- Opening Delimiter -

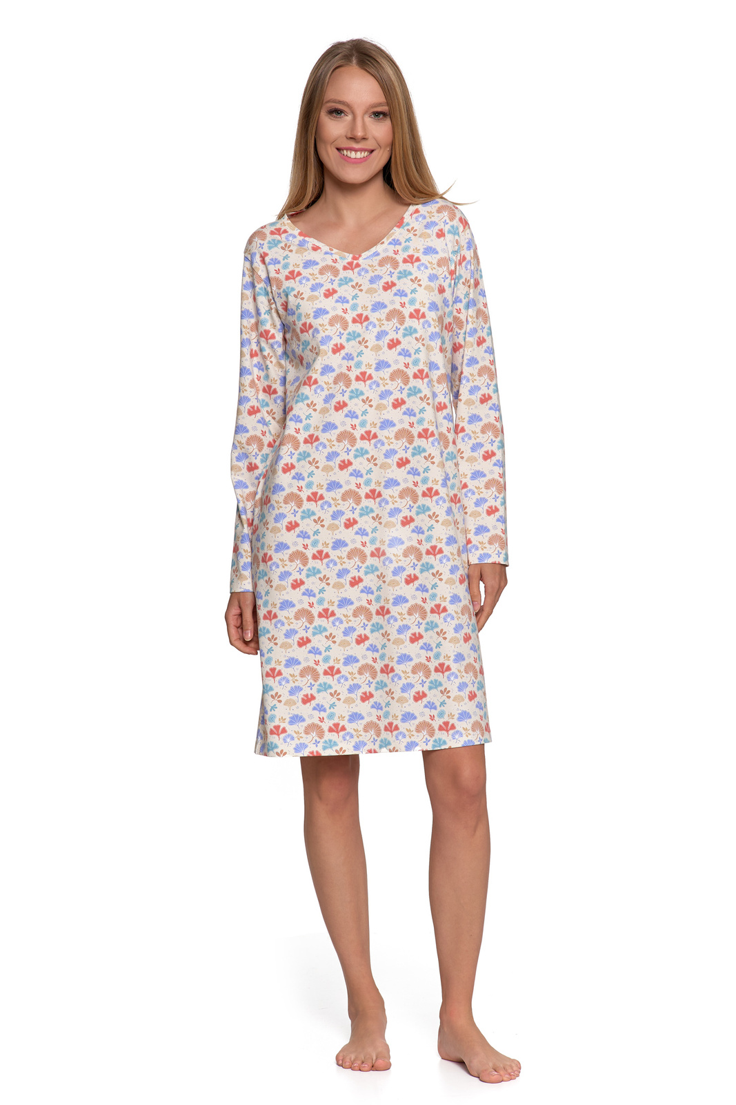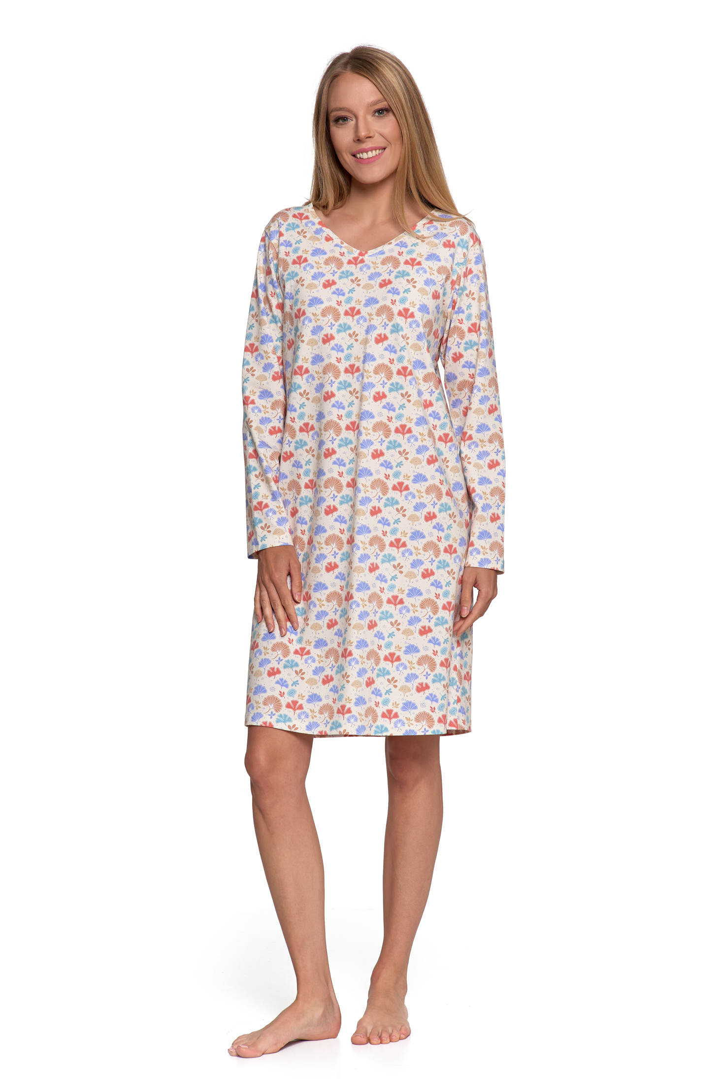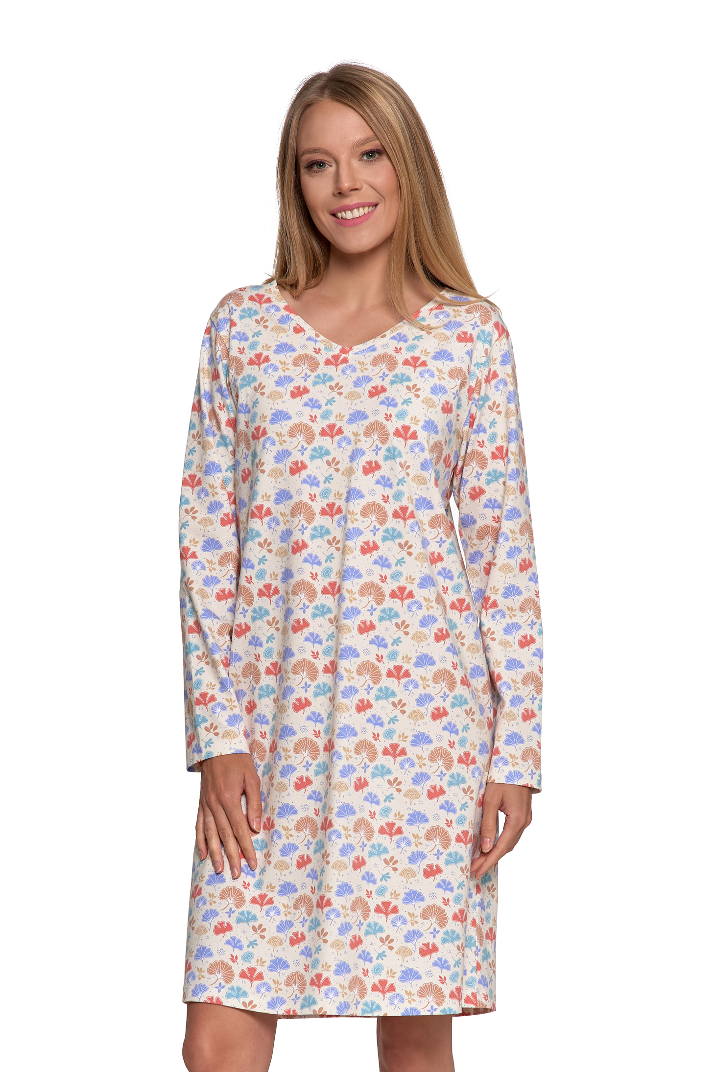 KOSZULA NOCNA PIŻAMA DAMSKA KOLOROWA Z DŁUGIM RĘKAWEM BAWEŁNIANA MORAJ
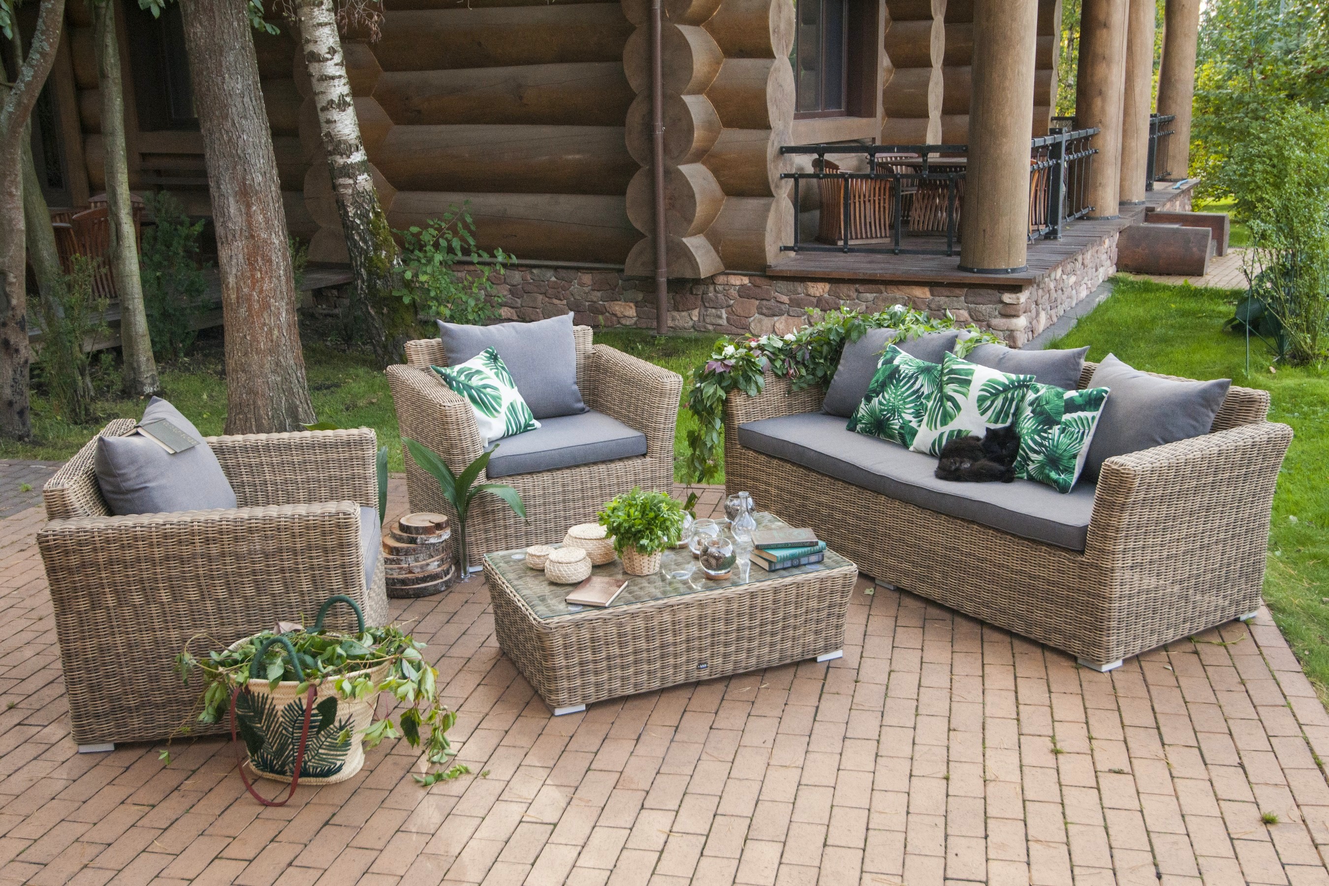 Две подушки серо-коричневого цвета представлены в комплекте с садовым креслом. Изделия пошиты из полиэстера плотностью 230гр/м2. В обязательном порядке материал обрабатывается влагоотталкивающей пропиткой для усиления своих защитных свойств.
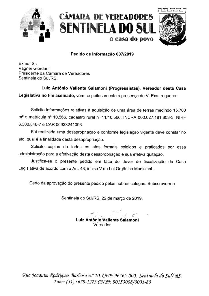 PEDIDO DE INFORMAÇÃO DE AUTORIA DO VEREADOR LUIZ ANTÔNIO VALIENTE SALAMONI
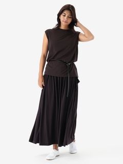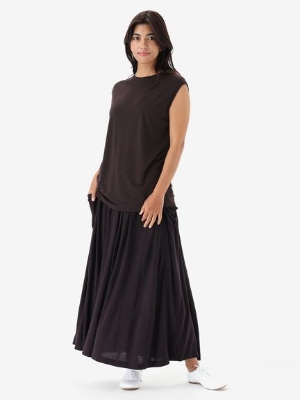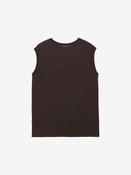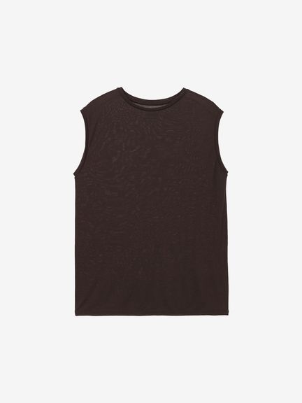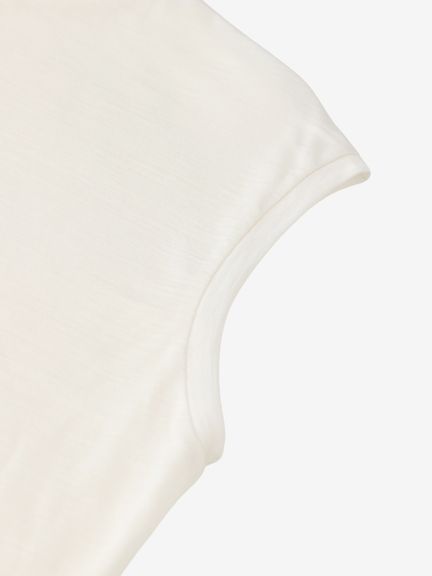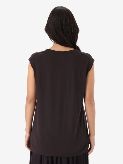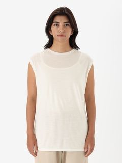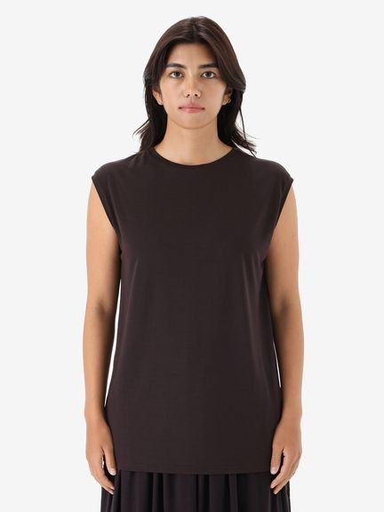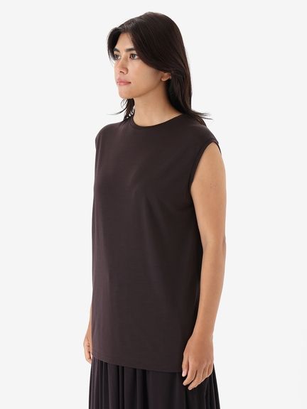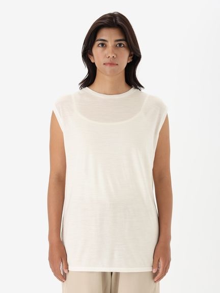 なめらかな風合いを生かしてドレープが効いた女性らしいスリーブレスシャツ。シンプルなデザインながら、首元を美しく見せるコンパクトなクルーネックデザインを採用し、やわらかい印象も演出しています。袖口も肌当たりがよく、心地よい着心地です。
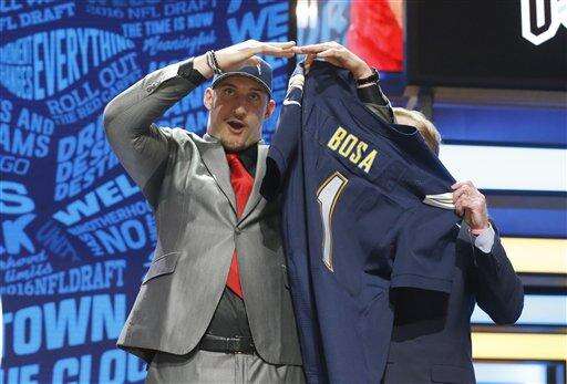 SAN DIEGO (AP) - Joey Bosa says he's "a chill guy," so it's perfect that he was drafted by the San Diego Chargers with the third pick overall in the NFL draft Thursday night.
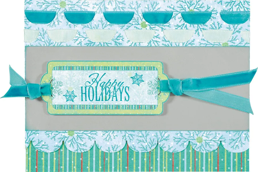 Glue 6 1/2”x2 1/2” of silver metallic paper across the front flap, 1/8” below the ribbon border. Stamp “Happy Holidays” in the center of the rectangle label from the Winter Delights free download. Stamp a couple small snowflakes on the sides. Place one end of the label in the Sew Ribbon template and punch a single slot. Do the same for the other end of the label. String 8” of velvet ribbon through the right slot and tie in a knot. String 4” of velvet ribbon through the left slot and tie in a knot. Foam tape the label to the card 1/2” from the left and 1 3/8” from the top. Trim the ends of the ribbon at an angle slightly longer than the card and Zot down the ends.
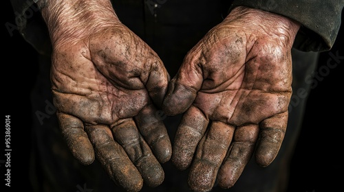 © Penatic Studio, Fototapeta premium Close-up of Two Dirty and Wrinkled Hands
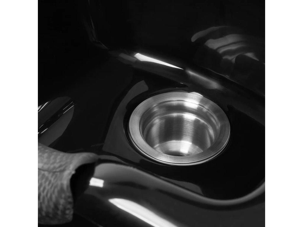 Hluboká černá mísa je vyrobena z odolného plastu, proto je odolná vůči poškození a snadno se udržuje
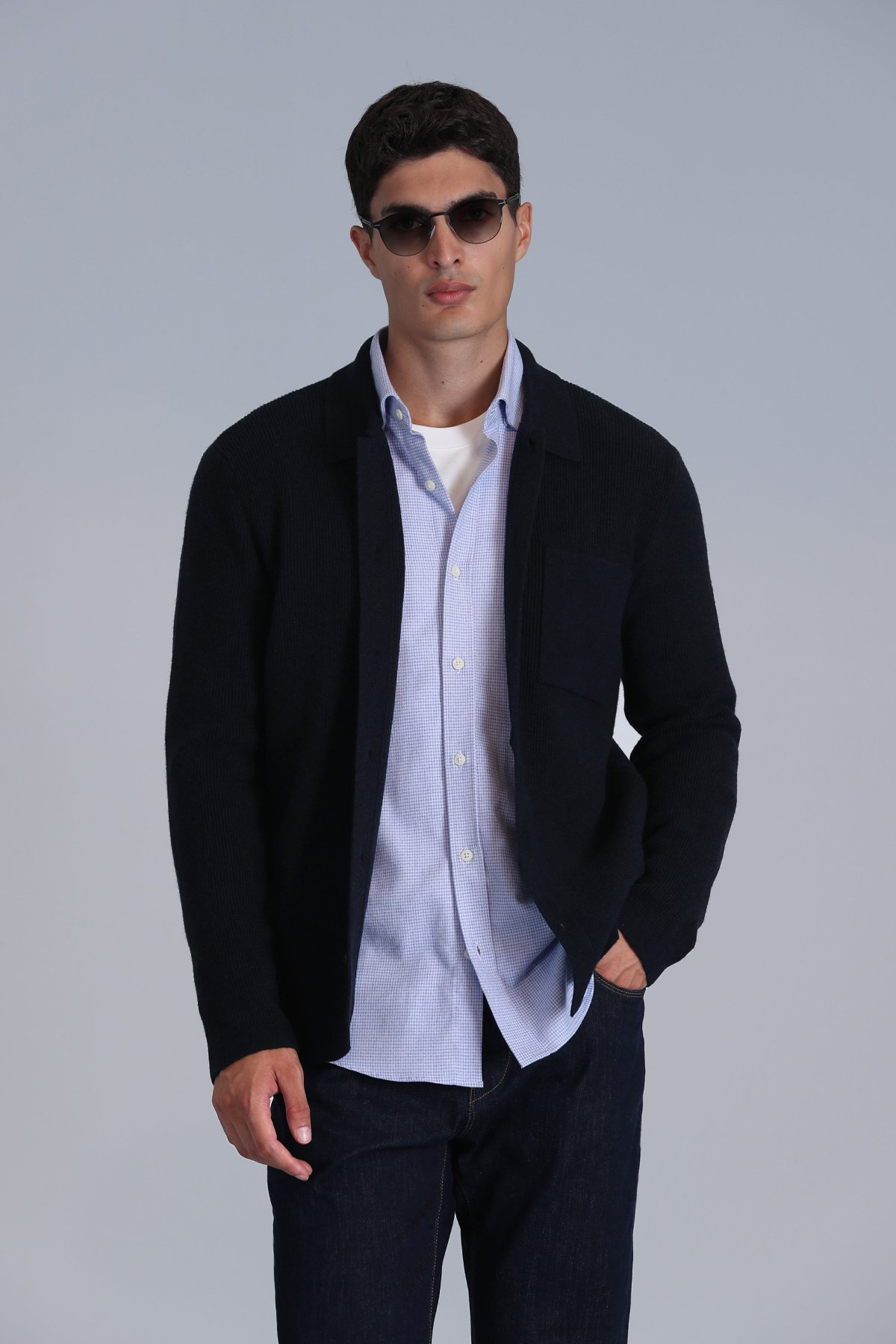 Solıd Erkek Hırka Lacivert
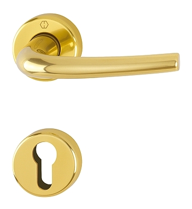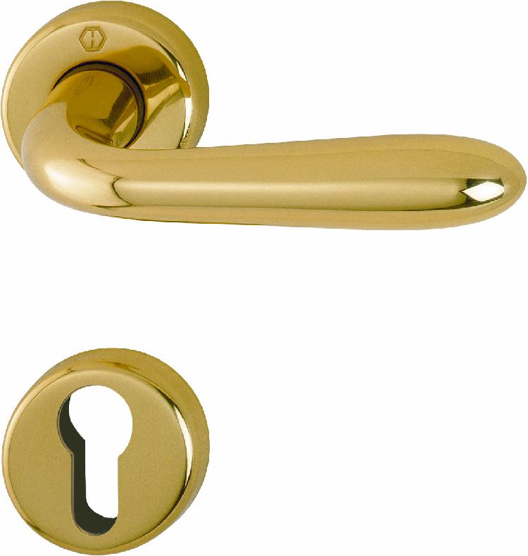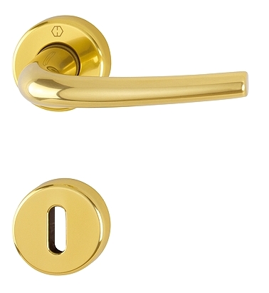 Maniglia HOPPE modello SEATTLE per porta interna su rosetta e bocchetta foro yale in alluminio dorato lucido
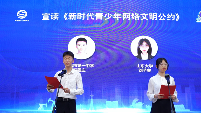 山东大学学生刘芊睿、东营市一中学生赵墨庄上台宣读《新时代青少年网络文明公约》。
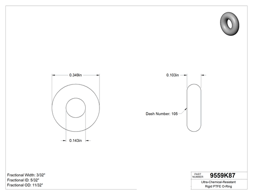 3/32 (2.38 mm) Kesirli Genişlik, Dash Numarası 105
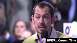 Ведущий "России 1", работающий "на разогреве" трансляции, напирает на открытость Путина неудобным вопросам и отдельно упоминает, что каждый год слово получает корреспондент украинского агентства "Униан" Роман Цымбалюк.

- Closing Delimiter -

_Task item_: Write out every record above exactly, leaving no picture in the result.

_Task response_:
 KOSZULA NOCNA PIŻAMA DAMSKA KOLOROWA Z DŁUGIM RĘKAWEM BAWEŁNIANA MORAJ
 Две подушки серо-коричневого цвета представлены в комплекте с садовым креслом. Изделия пошиты из полиэстера плотностью 230гр/м2. В обязательном порядке материал обрабатывается влагоотталкивающей пропиткой для усиления своих защитных свойств.
 PEDIDO DE INFORMAÇÃO DE AUTORIA DO VEREADOR LUIZ ANTÔNIO VALIENTE SALAMONI
 なめらかな風合いを生かしてドレープが効いた女性らしいスリーブレスシャツ。シンプルなデザインながら、首元を美しく見せるコンパクトなクルーネックデザインを採用し、やわらかい印象も演出しています。袖口も肌当たりがよく、心地よい着心地です。
 SAN DIEGO (AP) - Joey Bosa says he's "a chill guy," so it's perfect that he was drafted by the San Diego Chargers with the third pick overall in the NFL draft Thursday night.
 Glue 6 1/2”x2 1/2” of silver metallic paper across the front flap, 1/8” below the ribbon border. Stamp “Happy Holidays” in the center of the rectangle label from the Winter Delights free download. Stamp a couple small snowflakes on the sides. Place one end of the label in the Sew Ribbon template and punch a single slot. Do the same for the other end of the label. String 8” of velvet ribbon through the right slot and tie in a knot. String 4” of velvet ribbon through the left slot and tie in a knot. Foam tape the label to the card 1/2” from the left and 1 3/8” from the top. Trim the ends of the ribbon at an angle slightly longer than the card and Zot down the ends.
 © Penatic Studio, Fototapeta premium Close-up of Two Dirty and Wrinkled Hands
 Hluboká černá mísa je vyrobena z odolného plastu, proto je odolná vůči poškození a snadno se udržuje
 Solıd Erkek Hırka Lacivert
 Maniglia HOPPE modello SEATTLE per porta interna su rosetta e bocchetta foro yale in alluminio dorato lucido
 山东大学学生刘芊睿、东营市一中学生赵墨庄上台宣读《新时代青少年网络文明公约》。
 3/32 (2.38 mm) Kesirli Genişlik, Dash Numarası 105
 Ведущий "России 1", работающий "на разогреве" трансляции, напирает на открытость Путина неудобным вопросам и отдельно упоминает, что каждый год слово получает корреспондент украинского агентства "Униан" Роман Цымбалюк.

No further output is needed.